Deep Differentiable Logic Gate Networks Based on Fuzzy Łukasiewicz T-norm
Chan Duong Nguy, Piotr Wasilewski
DOI: http://dx.doi.org/10.15439/2025F1666
Citation: Proceedings of the 20th Conference on Computer Science and Intelligence Systems (FedCSIS), M. Bolanowski, M. Ganzha, L. Maciaszek, M. Paprzycki, D. Ślęzak (eds). ACSIS, Vol. 43, pages 219–230 (2025)

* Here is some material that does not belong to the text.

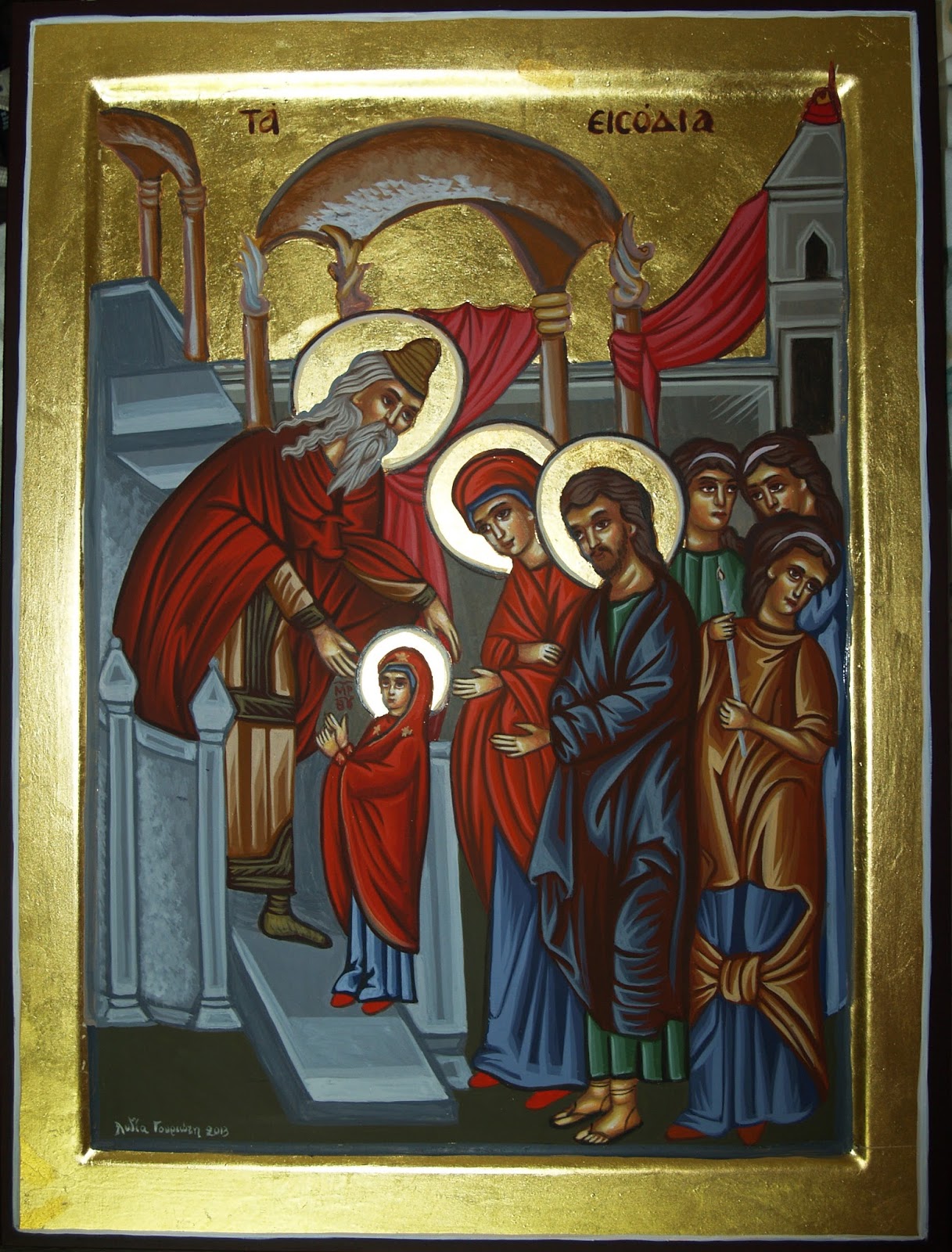 Η είσοδος της Παναγίας μας στο Ναό αποτελεί κορυφαίο γεγονός στο Θεϊκό σχέδιο της σωτηρίας του ανθρώπου. Η Θεοτόκος εισέρχεται στα Άγια των Αγίων, εκεί όπου άπαξ του ενιαυτού εισήρχετο ο Αρχιερεύς για να προσφέρει το θυμίαμα και παραμένει εκεί μέχρι λίγο τον Ευαγγελισμό της, υπό του Αρχαγγέλου Γαβριήλ.

Abstract. Differentiable Logic Gate Networks (DLNs) offer a compelling framework for symbolic interpretability and reducing inference cost. Building on prior works using Menger [12] and Zadeh T-norms [18], we investigate the \L{}ukasiewicz T-norm as an alternative relaxation for classical logic gates. While it provides strong gradients in some regions, its flat areas result in vanishing gradients hinder training. To address this issue, we use an initialization strategy [13] that is analogous to residual connection in Neural Networks to encourages error signal propagation during training. Our empirical results show that \L{}ukasiewicz based DLNs, though slightly less accurate, benefit from faster inference and lower memory requirements compared to Neural Networks, giving the opportunity of practical application in e.g. in resource constrained devices. Due to the structural clarity DLNs facilitate direct inspection and tracing of information flow which make them suitable for application in explainable artificial intelligence (XAI)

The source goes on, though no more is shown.